Press release - 071(2010)
MONEYVAL publishes report on Bosnia and Herzegovina
Strasbourg, 27.01.2010 - The Council of Europe’s MONEYVAL Committee (Committee of Experts on the Evaluation of Anti-Money Laundering Measures and the Financing of Terrorism) has published today the third round evaluation report on Bosnia and Herzegovina.
The report analyses the implementation of international and European standards to combat money laundering and terrorist financing, assesses levels of compliance with the Financial Action Task Force (FATF) 40+9 Recommendations and includes a recommended action plan to improve the anti-money laundering (AML) and combating the financing of terrorism (CFT) system of Bosnia and Herzegovina.

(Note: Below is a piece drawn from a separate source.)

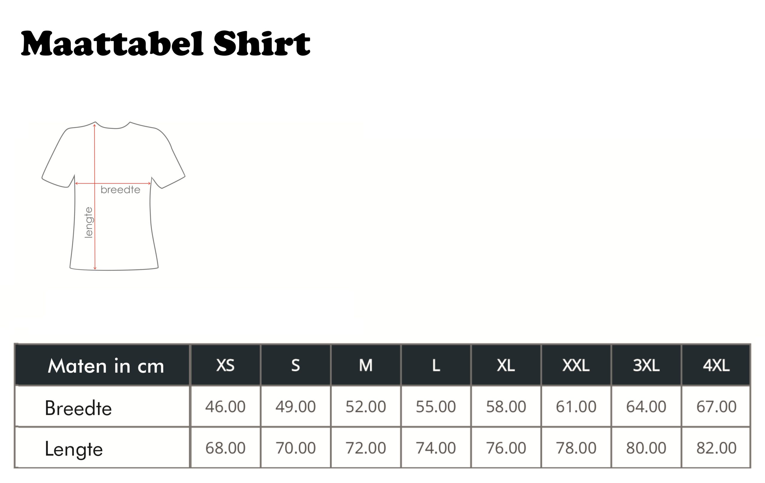 Het shirt wordt op bestelling gemaakt. Levertijd is max. 10 werkdagen.

The main findings of the evaluation report are:
· There have been a number of improvements since Moneyval´s first report following the first on-site visit in November 2003. In 2004 a unified AML/CFT law was enacted at state level which replaced separate laws for the entities and Brčko District. This law is supplemented by the issuance of comprehensive guidance by the Minister of Security. The 2004 AML law was superseded, in June 2009, by another AML/CFT law, the Law on the Prevention of Money Laundering and Financing of Terrorist Activities. This new law has addressed a number of deficiencies in the old law, including the introduction of a risk based approach and an improvement in preventive measures .
· Money laundering and terrorist financing are criminalised at all levels of legislation. All the definitions are largely in accordance with Article 3 of the Vienna Convention and Article 6 of the Palermo Convention, yet their scopes still do not cover all the material elements as required. Furthermore, the criminalisation of terrorist financing does not cover the funding of terrorist organisations or individual terrorists. There have been a number of successful convictions for money laundering including conviction of legal persons.
· The current legal framework applicable to confiscation and provisional measures seems rather complicated. There are parallel regimes both in terms of criminal substantive and procedural law. High evidential standards as applied by trial courts, the structure of the confiscation regime and the small number of confiscations (particularly at non-State level) and provisional measures being taken all give rise to concerns over the effectiveness of the regime. Furthermore, provisional measures are seldom, if ever, applied in the preliminary stage of criminal proceedings.
· There is not yet in place a comprehensive system for allowing all financial institutions to freeze without delay assets of persons and entities designated in the context of terrorism or financing of terrorism. The existing legal framework consists of parallel and overlapping regimes which are either incomplete or are designed for other purposes.
· The Financial Intelligence Department has been established, with operational independence, within the State Information and Protection Agency. It co-operates internationally as a member of the Egmont Group and shares information with its counterpart financial information units. The Financial Intelligence Department’s action appeared to be isolated from the general law enforcement effort due to restrictive interpretation of existing laws and other organisational issues. Its power to disseminate financial information to domestic authorities is limited by law.
· Financial institutions are required by law to file suspicious transaction reports (STR), including suspicions of financing of terrorism, regardless of the amount and the reporting requirement includes both attempted and performed transactions. There is, however, a low level of transactions reported by financial institutions. The only STRs received from obliged persons were from the banking sector with none received from the insurance and securities sectors or any Designated Non-Financial Businesses and Professions.
· Overall the banking and securities supervisors appeared to possess adequate powers to monitor and ensure compliance with AML/CFT requirements within their respective sectors. There is, however, a lack of adequate powers for supervisors in the insurance market.
· The framework for international judicial co-operation in money laundering and terrorist financing cases is generally comprehensive and offers all the necessary solutions for rapid and effective legal assistance. Furthermore, the arrangements for international judicial co-operation appear to be working in practice.
The report was adopted at MONEYVAL’s 31st Plenary meeting (Strasbourg 7-11 December 2009). MONEYVAL will follow-up implementation of the recommendations through its progress report procedure, under which all MONEYVAL countries are required to update the Committee on action taken on the mutual evaluation report one year after its adoption.